8 June: Carmina Burana

On this date in 1937, Carl Orff's Carmina Burana premièred in Frankfurt. 10 things you might not know about it:

  1. 'Carmina' means 'songs', while 'Burana' is the Latinised form of Beuren, the name of the Benedictine monastery in Benediktbeuren, Bavaria. So, Carmina Burana translates as “Songs Of Beuren”.

  2. Its full title is Carmina Burana: Cantiones Profanae Cantoribus Et Choris Cantandae Comitantibus Instrumentis Atque Imaginibus Magicis (Songs Of Beuren: Secular Songs For Singers And Choruses To Be Sung Together With Instruments And Magic Images).

  3. It’s an adaptation of a collection of early 13th-century songs and poems discovered in Beuren in 1803, although it was later discovered that the collection originated from Seckau Abbey, Austria. The originals are now kept in the Bavarian State Library.

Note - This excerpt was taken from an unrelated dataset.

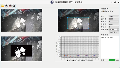 基于上述圖像識(shí)別智能放煤技術(shù)基本原理,進(jìn)一步研發(fā)了圖像識(shí)別智能放煤在線監(jiān)測(cè)軟件,圖像處理速度25幀/s,實(shí)時(shí)計(jì)算混矸率數(shù)據(jù),當(dāng)混矸率超過預(yù)定的區(qū)間混矸率閾值時(shí),通過通信模塊自動(dòng)發(fā)送中止放煤或者關(guān)閉當(dāng)前放煤口、開啟下一放煤口的指令給控制系統(tǒng)。

  4. The originals were written in Latin and High German. At some point someone translated the old texts into English and here’s where Carl Orff came in, when he came across the translation in 1934, and decided to set some of them to Music.

  5. The subject matter isn’t really what you’d expect to come out of a Benedictine monastery: the fickleness of fortune, drinking, gambling, gluttony, the joy of the return of spring, and lust.

  6. Carmina Burana is divided into three sections – Springtime, In the Tavern and The Court Of Love – each preceded by and ending with an invocation to Fortune.

  7. One of the invocations to Fortune is the best known part of the piece: O Fortuna. It has been used in advertisements to sell coffee, beer, pizza, soft drinks and aftershave (Old Spice). It’s often used in film and TV shows, too, including: the film Excalibur, when King Arthur and his knights ride into battle; Glee; The X Factor; Britain’s Got Talent and Cheaper by the Dozen. The video game “World of Warcraft” uses the song as the main theme for a log in screen.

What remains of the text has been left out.